Inspector-General of Intelligence and Security
- In office 1996–2004
- Preceded by: None (office established)
- Succeeded by: Paul Neazor

4th Chief Justice of the Cook Islands
- In office 2000–2005
- Preceded by: Peter Quilliam
- Succeeded by: David Williams

Queen's Representative to the Cook Islands
- In office 14 November 2000 – 9 February 2001
- Monarch: Elizabeth II
- Prime Minister: Sir Terepai Maoate
- Preceded by: Sir Apenera Pera Short
- Succeeded by: Sir Frederick Tutu Goodwin

Personal details
- Born: 24 February 1929 (age 97)

= Laurence Greig =

New Zealand lawyer and jurist

Laurence Murray Greig (born 24 February 1929) is a New Zealand lawyer and jurist. He served as Chief Justice of the Cook Islands, a judge of the High Court of New Zealand, and as Inspector-General of Intelligence and Security.

Greig was born in Edinburgh, Scotland, and was educated at George Watson's College. He moved to Dunedin, New Zealand with his family as a teenager in 1946. He studied law at the University of Otago, then worked for Crown solicitors for five years before joining Bell Gully as a commercial lawyer. He was appointed as a judge of the High Court of New Zealand in 1979. He retired from the bench in May 1996.

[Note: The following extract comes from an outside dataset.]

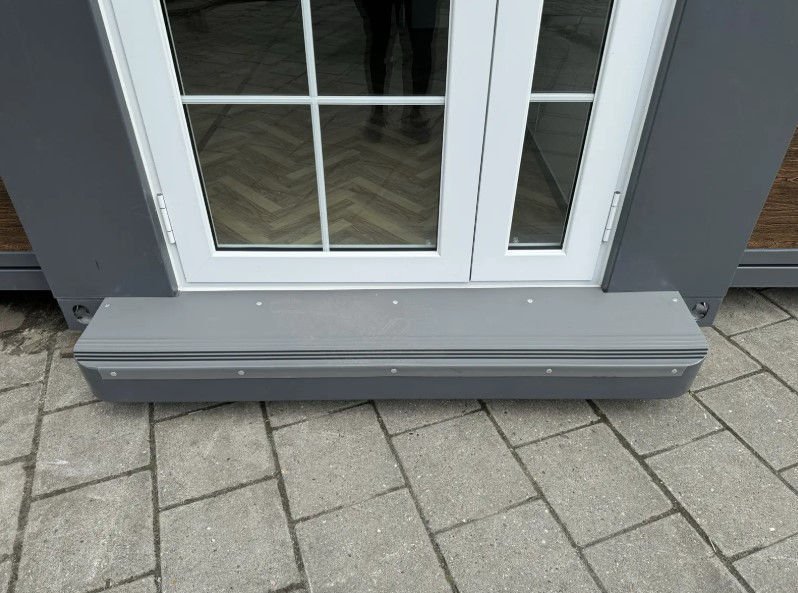 Nécessite une base solide et parfaitement nivelée (dalle de béton ou plots stabilisés). Une fois positionnée, les extensions latérales sont déployées pour créer l’espace de vie complet. Prête pour les raccordements externes d’eau, d’électricité et d’évacuation.
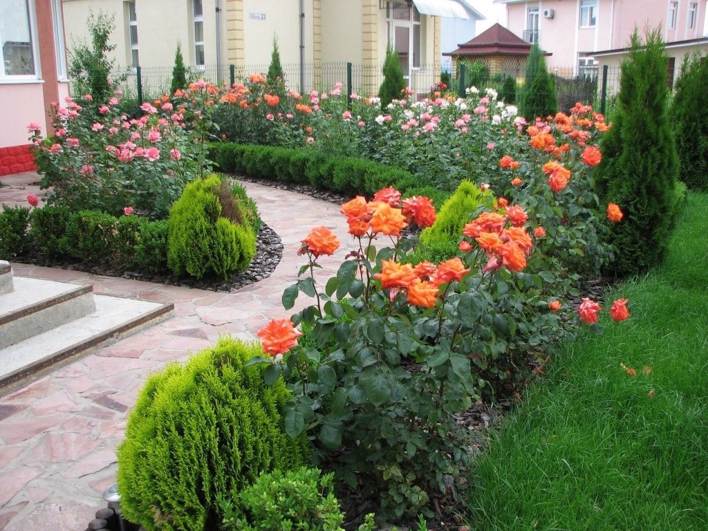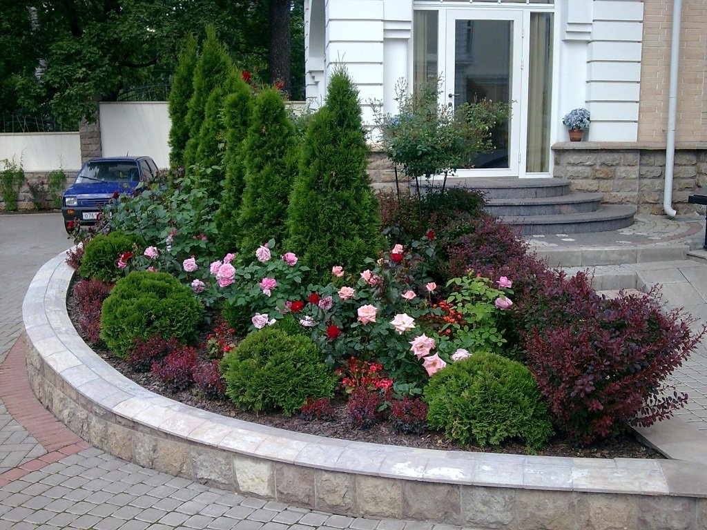 Цветница с рози и иглолистни дървета

==Inspector-General of Intelligence and Security==

Greig was appointed the inaugural Inspector-General of Intelligence and Security upon retiring from the High Court in 1996. He was appointed for a further three-year term in 1999, and again in 2003. As Inspector-General, Greig investigated the actions of the New Zealand Security Intelligence Service in burgling the home of anti-free-trade activist Aziz Choudry and found them to be "lawful, reasonable and justified". In 2003, while he was responsible for reviewing the security risk certificate against Algerian refugee Ahmed Zaoui he gave an interview to the New Zealand Listener in which he said that if it were up to him, Zaoui would be "outski" on the next plane and that "we don't want lots of people coming in on false passports thrown down the loo on the plane, saying, 'I'm a refugee, keep me here'." In March 2004 he resigned after the High Court found that he had displayed apparent bias and disqualified him from the Zaoui case. He was replaced as Inspector-General by Paul Neazor.